We're in need of a SAN upgrade, definitely additional capacity, and very possibly better performance. Our main workloads will be around 20 assorted VMs and a couple SQL databases. In addition to a few domain controllers, exchange, and assorted standard corporate services, the main workload is hosting an application over citrix that will be accessed by approximately 300 users throughout each day. Currently we have an HP MSA1500cs SAN controller with 2 MSA30 enclosures, nearly fully populated with about 3.7 TB of raw drive space. Pure capacity isn't really the big concern so much as performance and reliability. I don't see our capacity needs outgrowing 10 TB in the foreseeable future.
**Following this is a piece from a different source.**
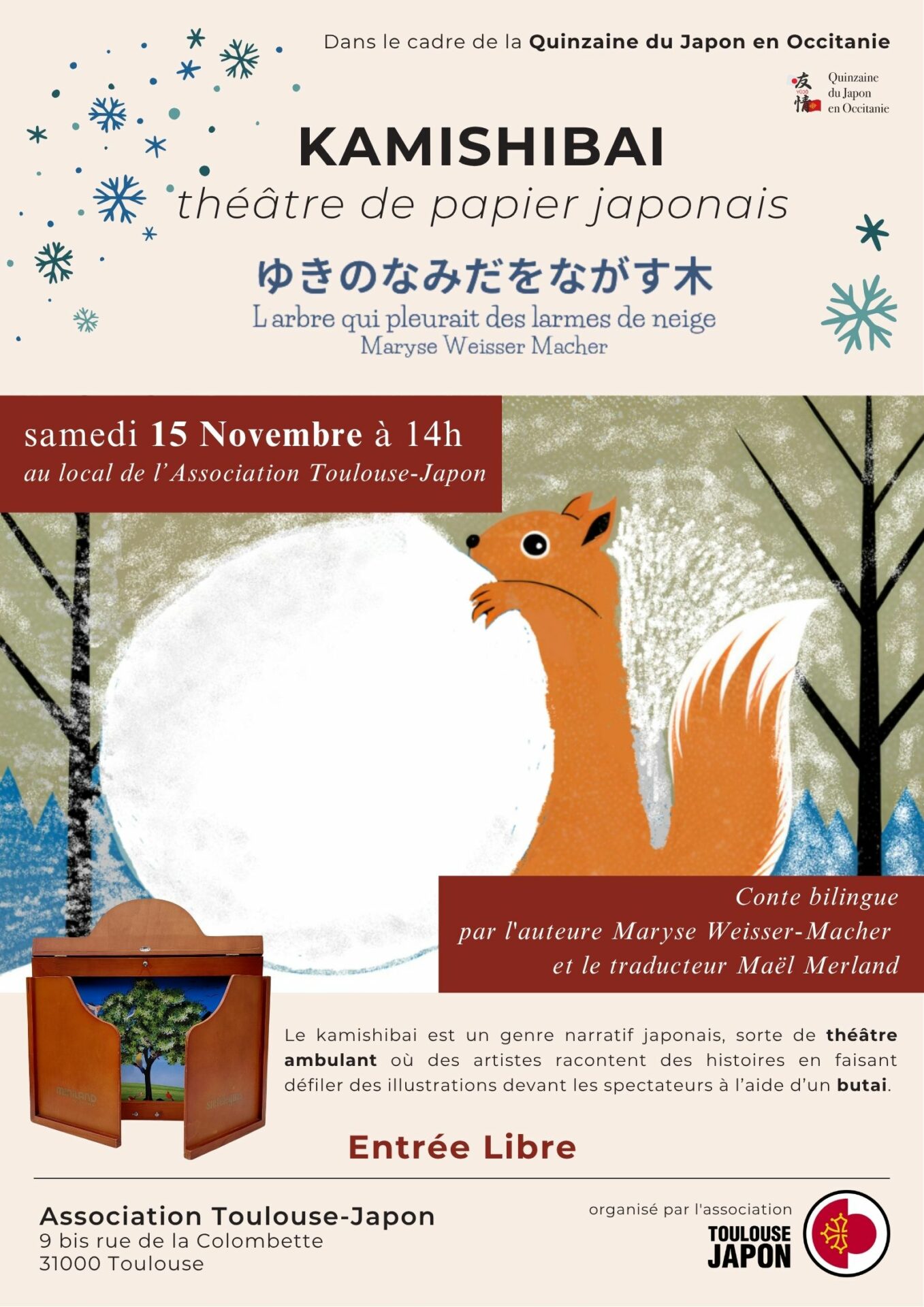 Dans le cadre de la Quinzaine du Japon en Occitanie, venez découvrir le kamishibai au travers du conte bilingue « L’arbre qui pleurait des larmes de neige », de l’auteure Maryse Weisser-Macher et du traducteur Maël Merland.

The question is, should we just add an enclosure or 2 to our existing controller? Should we upgrade to the current generation MSA produts, the MSA2000 series? Should we move up to the EVA4400 family? Should we be looking at the recently aquired lefthand SAN solutions? If we end up doing something besides just adding space to our current controller, should we stick with fibrechannel or be looking at iSCSI? The budget is not really set as this is part of a larger project with a big budget umbrella, but I'd say we want to be under $50k and cheaper is always better.

Long version...

We are about to expand the services our server farm provides. If you want the details, we're a nursing home corporation with about 45 nursing homes. We will be implententing fully electronic charting, meaning our usage of specifically database and citrix will increase significantly. Right now there are probably about 2 nurses at each facility that actually interact with our medical records software every day. This will be changing to probably around 6 nurses at each facility using the software far more often than the current usage.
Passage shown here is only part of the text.